Dataset content:

= Beginning of Section =

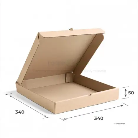 Коробка для пирогов 340x340x50 изготовлена из трехслойного гофрокартона марки Т-23 модель FEFCO 0426. Данный короб доступен в двух цветах: буром и белом. На сегодняшний день гофрокороб самая популярная тара и отличный вариант для упаковки пищевой продукции, например, пиццы, пирогов и сладостей. Коробки из гофрокартона полностью экологичны и хорошо сохраняют необходимый температурный режим. К тому же, такие коробки можно сделать уникальными благодаря современным технологиям флексопечати, созданием яркого дизайна.
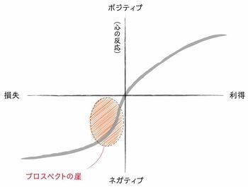 利得とポジティブな反応のほうは規則的な曲線を描いていますが、損失とネガティブな反応のほうは、損失側に入ってすぐのところでグラフが急下降しています。いわば「プロスペクトの崖」です。
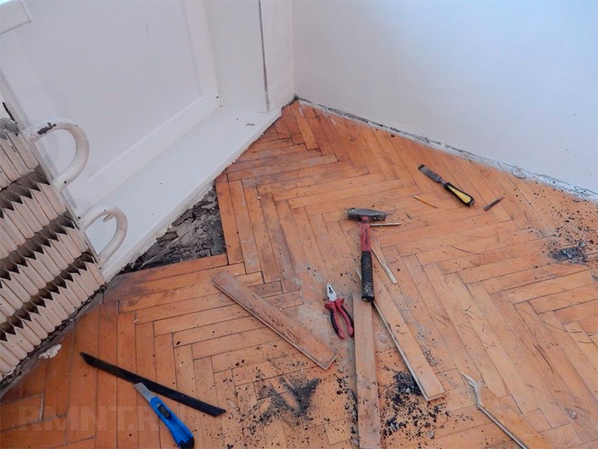 Capital restoration of the parquet flooring may also be needed if it deteriorates under the influence of moisture. This process is quite laborious. Not dried wood panels lose their insulating properties. As a result, the entire parquet is deformed and becomes unpresentable.

= End of Section =

Task directions: Return exactly what appears from the opening line of the material through the line with "利得とポジティブな反応のほう", apart from the pictures.

Expected output:
 Коробка для пирогов 340x340x50 изготовлена из трехслойного гофрокартона марки Т-23 модель FEFCO 0426. Данный короб доступен в двух цветах: буром и белом. На сегодняшний день гофрокороб самая популярная тара и отличный вариант для упаковки пищевой продукции, например, пиццы, пирогов и сладостей. Коробки из гофрокартона полностью экологичны и хорошо сохраняют необходимый температурный режим. К тому же, такие коробки можно сделать уникальными благодаря современным технологиям флексопечати, созданием яркого дизайна.
 利得とポジティブな反応のほうは規則的な曲線を描いていますが、損失とネガティブな反応のほうは、損失側に入ってすぐのところでグラフが急下降しています。いわば「プロスペクトの崖」です。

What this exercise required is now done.